During scoring, each of the 3 clinicians independently applied the standards of practice defined in the AASM Manual for the Scoring of Sleep and Associated Events and scored the PSG sleep test to completion. The gold-standard sleep staging was then constructed by taking the majority scored sleep stage in each 30 second epoch (i.e. the sleep stage agreed upon by at least 2/3 RPSGTs in each epoch). Taking into account inter-scorer reliability and the fidelity of the PPG signal, the five commonly used sleep stages were reduced to Wake, Light Non-REM (N1 + N2), Deep Non-REM (N3), and REM, as commonly acceptable for wearable sleep tracking devices. Performance was evaluated utilizing epoch-by-epoch sleep staging agreement. Sensitivity and Specificity were calculated for every sleep stage by aggregating the epochs and comparing each epoch’s AI generated sleep stage label with its concurrent gold-standard label.

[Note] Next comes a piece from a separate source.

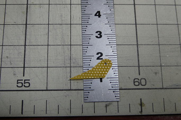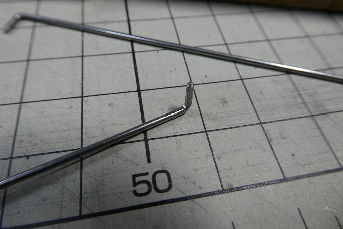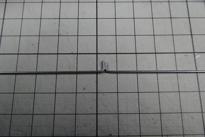 付属のエルロンホーンです。 レバー長は6.5ミリです。 ![]() リンケージロッドの曲がりをよりシャープにすべく、曲がっている内側を軽く削っておきます。 ![]() 曲がった部分の長さが5ミリあって長すぎるので、1ミリカットして4ミリにします。 ![]() エルロンホーンとリンケージロッドを組み合わせると、ロッドとホーンの隙間はこのくらい。 加工されているリンケージの 取り出し口とエルロンホーンの取り付け部分の位置関係と合致します。 ![]() エルロンホーンの接着部分をサンドペーパーで荒らして足付けにします。 |

Furthermore, to evaluate the performance of the AI system’s agreement with continuous sleep indices commonly included in patient sleep reports – Total Sleep Time (TST), Sleep Efficiency (SE), Sleep Latency (SL), and Wake After Sleep Onset (WASO), Deming Regression was used to evaluate the correlation and Bland-Altman analysis was used to evaluate the level of agreement between the AI system’s calculated index and the gold-standard index. Two-sided 95% median bootstrap percentile method confidence intervals (R=2,000) were calculated for all Sensitivity, Specificity, Bland-Altman, and Deming Regression performance measures.
Results
In this study, the performance of an AI-based sleep staging system using single-channel PPG was validated against gold-standard PSG data. The table in the abstract shows that PPG-based AI sleep staging demonstrated epoch-by-epoch agreement with a sensitivity (PPA) and specificity (NPA) of 84.2%/97.5% for stage REM, 80.7%/86.7% for Light Non-REM (N1/N2), 67.9%/95.5% for Deep Non-REM (N3), and 87.8%/93.7% Wake compared to PSG sleep staging. In the figures in the abstract, the Bland-Altman results for PPG-based AI sleep staging demonstrated high agreement in sleep quality measures with an average difference of -2.7 minutes (95% CI: -4.08, -1.44) in TST, -0.50% (-0.90%, -0.30%) in SE, -8.94 minutes (-9.84, -7.56) in SL, and 8.46 minutes (7.44, 9.48) in WASO, along with high correlation for all sleep measures compared to gold-standard PSG as seen in the Deming Regression results.
Conclusion
The AI-based sleep staging system demonstrated high sensitivity and specificity across all sleep stages when compared to the gold-standard PSG. The Deming regression plots indicate strong correlations for TST, WASO, SL, and SE between the AI system and the gold-standard. Bland-Altman analyses show small mean differences and narrow limits of agreement, further validating the accuracy of the AI-based system for sleep staging. These results suggest that the AI system can be effectively used for automated sleep staging using single-channel PPG data in both clinical and consumer health technologies, thus expanding opportunities for multi-night diagnostic testing, remote longitudinal OSA therapy monitoring, and the utility of consumer sleep technologies to promote overall sleep wellness.